The fossil remains of a natural nuclear reactor in Oklo, Gabon.  It entered a fission state some 2 billion years ago, and so would not have been involved in any origin of life scenario.  But is a proof of concept that these natural reactors have existed and some were widespread on earth Earth.  It is but one possible source of high energy particles on early Earth. The yellow rock is uranium oxide. (Robert D. Loss, Curtin University, Australia)

Life on early Earth seems to have begun with a paradox: while life needs water as a solvent, the essential chemical backbones of early life-forming molecules fall apart in water. Our universal solvent, it turns out, can be extremely corrosive.

Some have pointed to this paradox as a sign that life, or the precursor of life, originated elsewhere and was delivered here via comets or meteorites. Others have looked for solvents that could have the necessary qualities of water without that bond-breaking corrosiveness.

In recent years the solvent often put forward as the eligible alternative to water is formamide, a clear and moderately irritating liquid consisting of hydrogen, carbon, nitrogen and oxygen. Unlike water, it does not break down the long-chain molecules needed to form the nucleic acids and proteins that make up life’s key initial instruction manual, RNA. Meanwhile it also converts via other useful reactions into key compounds needed to make nucleic acids in the first place.

Although formamide is common in star-forming regions of space, scientists have struggled to find pathways for it to be prevalent, or even locally concentrated, on early Earth. In fact, it is hardly present on Earth today except as a synthetic chemical for companies.

New research presented by Zachary Adam, an earth scientist at Harvard University, and Masashi Aono, a complex systems scientist at Earth-Life Science Institute (ELSI) at Tokyo Institute of Technology, has produced formamide by way of a surprising and reproducible pathway: bombardment with radioactive particles.

 

In a room fitted for cobalt-60 testing on the campus of the Tokyo Institute of Technology, a team of researchers gather around the (still covered) cobalt-60 and vials of the chemicals they were testing. The ELSI scientists are (from left) Masashi Aono,  James Cleaves, Zachary Adam and Riquin Yi.  (Isao Yoda)

The two and their colleagues exposed a mixture of two chemicals known to have existed on early Earth (hydrogen cyanide and aqueous acetonitrile) to the high-energy particles emitted from a cylinder of cobalt-60, an artificially produced radioactive isotope commonly used in cancer therapy. The result, they report, was the production of substantial amounts of formamide more quickly than earlier attempts by researchers using theoretical models and in laboratory settings.

It remains unclear whether early Earth had enough radioactive material in the right places to produce the chemical reactions that led to the formation of formamide. And even if the conditions were right, scientists cannot yet conclude that formamide played an important role in the origin of life.

Still, the new research furthers the evidence of the possible role of alternative solvents and presents a differing picture of the basis of life. Furthermore, it is suggestive of processes that might be at work on other exoplanets as well – where solvents other than water could, with energy supplied by radioactive sources, provide the necessary setting for simple compounds to be transformed into far more complex building blocks.
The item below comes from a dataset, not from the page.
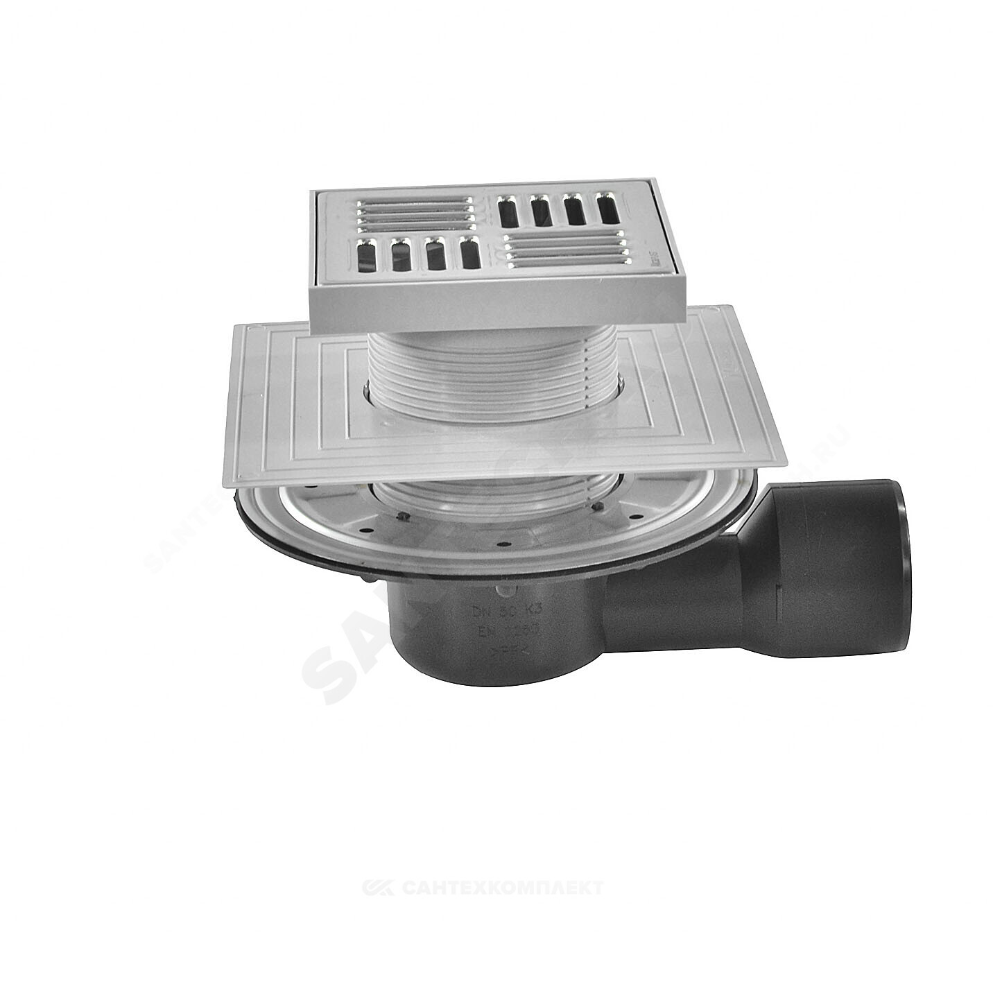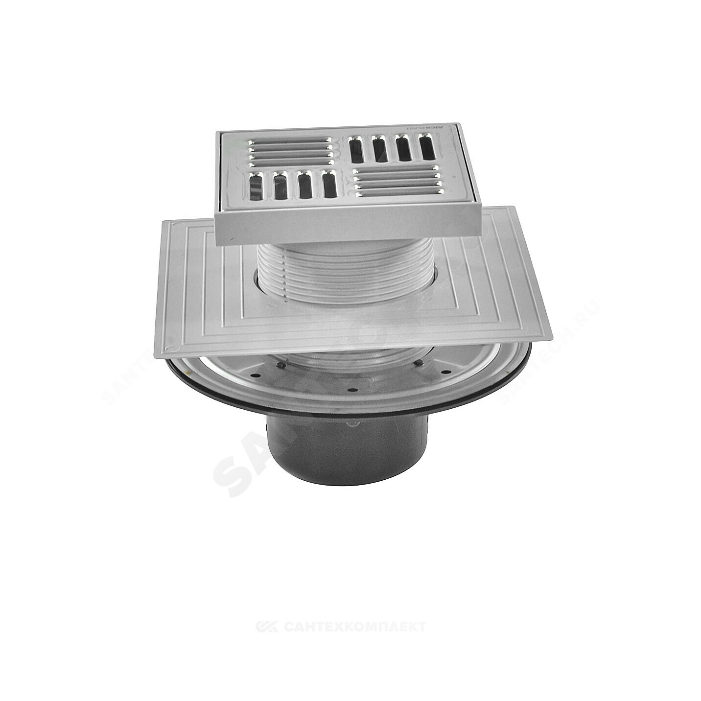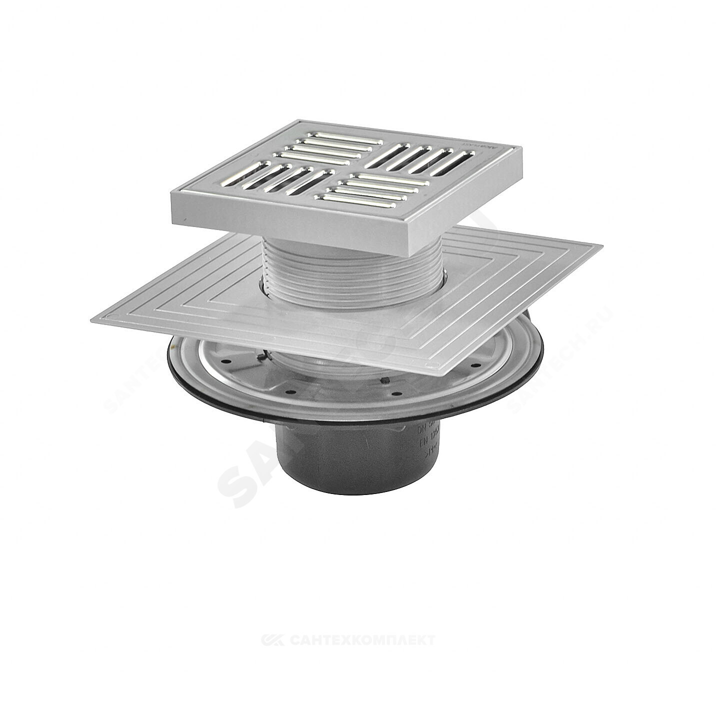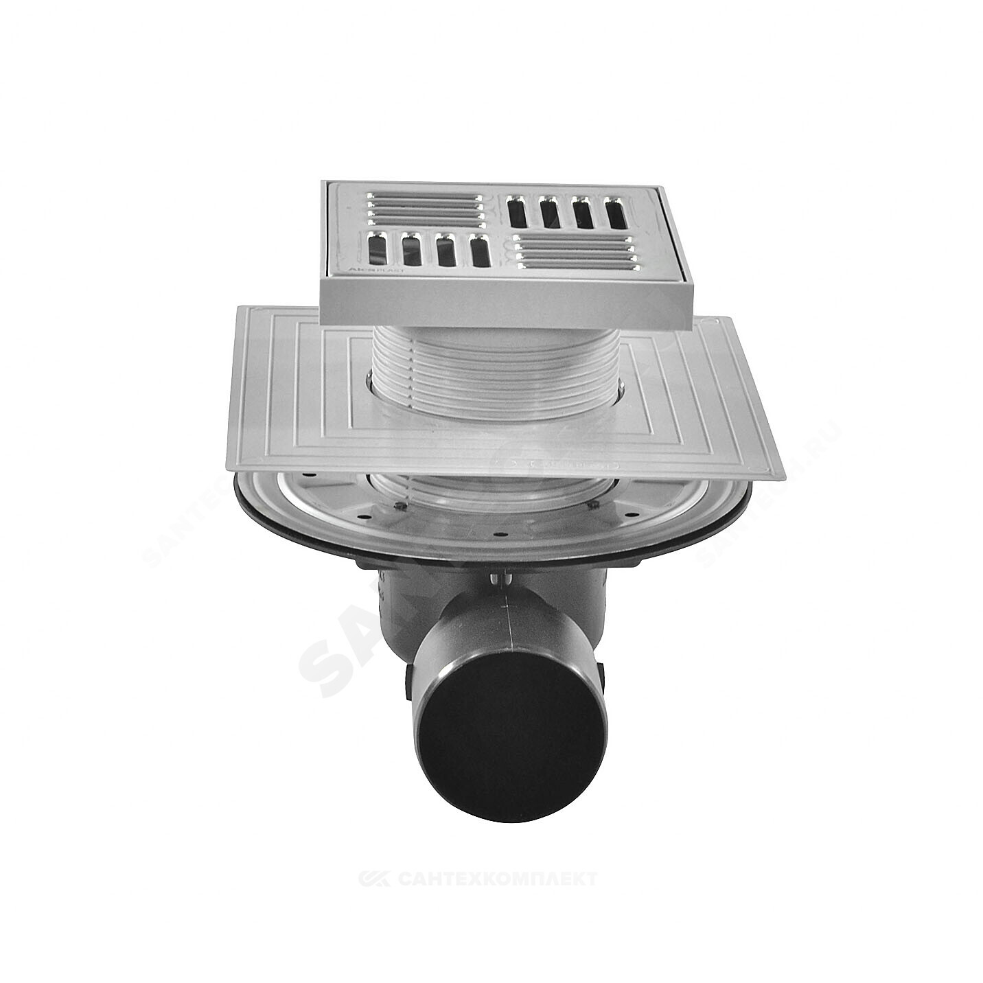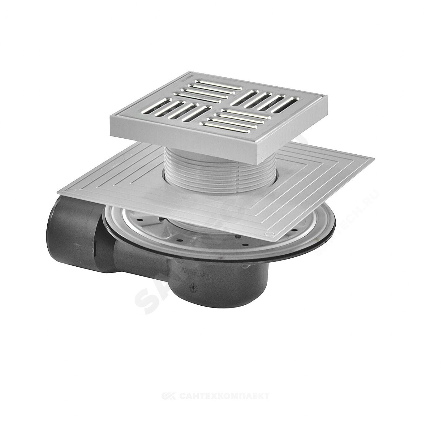 Корпус сливного трапа с боковым подключением к стоку Дн 50/75 Горловина сливного трапа 150х150 мм Решетка из нержавеющей стали Мокрый гидрозатвор Сухой гидрозатвор Фланец из нержавеющей стали + монтажный набор Воротник с 2-х уровневой изоляцией, внутреннее отверстие 105 мм Комплект прокладок

Formamide is a clear liquid which is miscible with water and has an ammonia-like odor.

“Imagine that water-based life was preceded by completely unique networks of interacting molecules that approximated, but were distinct from and followed different chemical rules, than life as we know it,” said Adam.

Their work was presented at recent gatherings of the International Society for the Study of the Origin of Life, and the Astrobiology Science Conference.

The team of Adam and Aono are hardly the first to put forward the formamide hypothesis as a solution to the water paradox, and they are also not the first to posit a role for high-energy, radioactive particles in the origin of life.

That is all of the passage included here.